*Aim of the task*: Here the job is to transcribe only the lines from the one containing "JKSML Case for" through the last line below, exactly as written; please leave out pictures.

*Given data*:
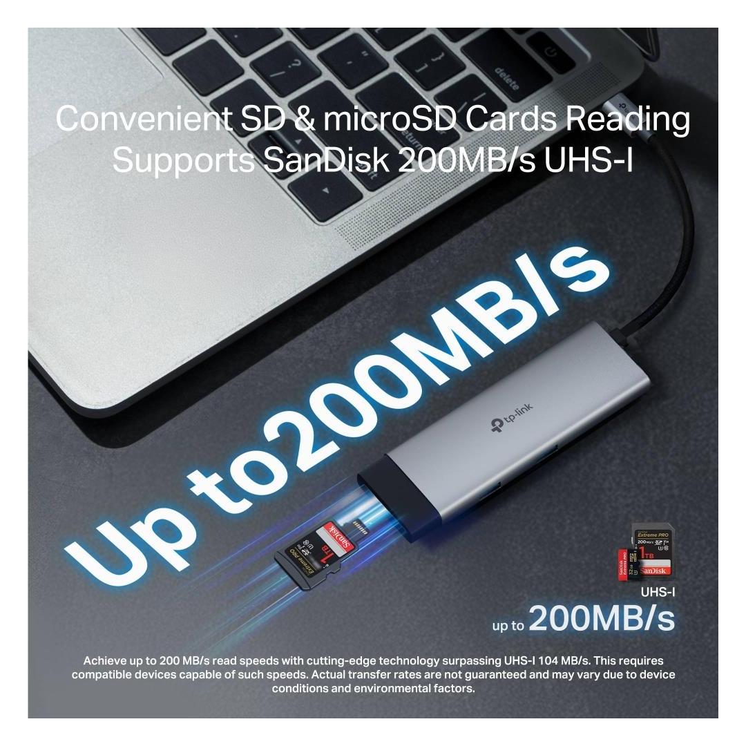 SD & microSD UHS-I: Siirrä helposti tietoja SD- ja microSD-kortteihin (jopa 200 MB/s). Koe saumaton tiedonhallinta samanaikaisilla luku- ja kirjoitusominaisuuksilla sekä microSD- että SD-kortteihin.
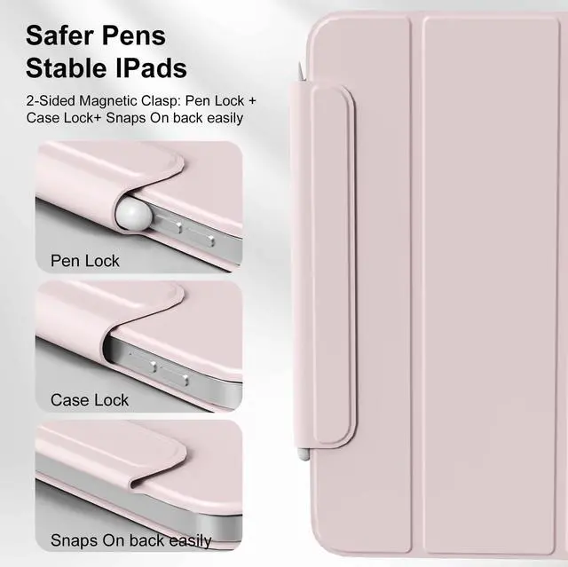 JKSML Case for iPad (A16) 11th/10th Gen with Pencil Holder, Ultra-Slim & Light, Strong Magnetic Attachment, Hard Anti-Bend Folio Cover, Trifold Stand for iPad 10.9" (2022)/ 11" (2025)- Pink
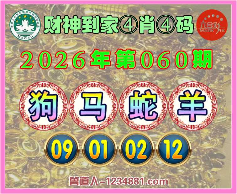 060期:『财神到家』 ♣️④肖④码 ♣️【狗马蛇羊】【09.01.02.12】开:狗09准

*Answer section*:
 JKSML Case for iPad (A16) 11th/10th Gen with Pencil Holder, Ultra-Slim & Light, Strong Magnetic Attachment, Hard Anti-Bend Folio Cover, Trifold Stand for iPad 10.9" (2022)/ 11" (2025)- Pink
 060期:『财神到家』 ♣️④肖④码 ♣️【狗马蛇羊】【09.01.02.12】开:狗09准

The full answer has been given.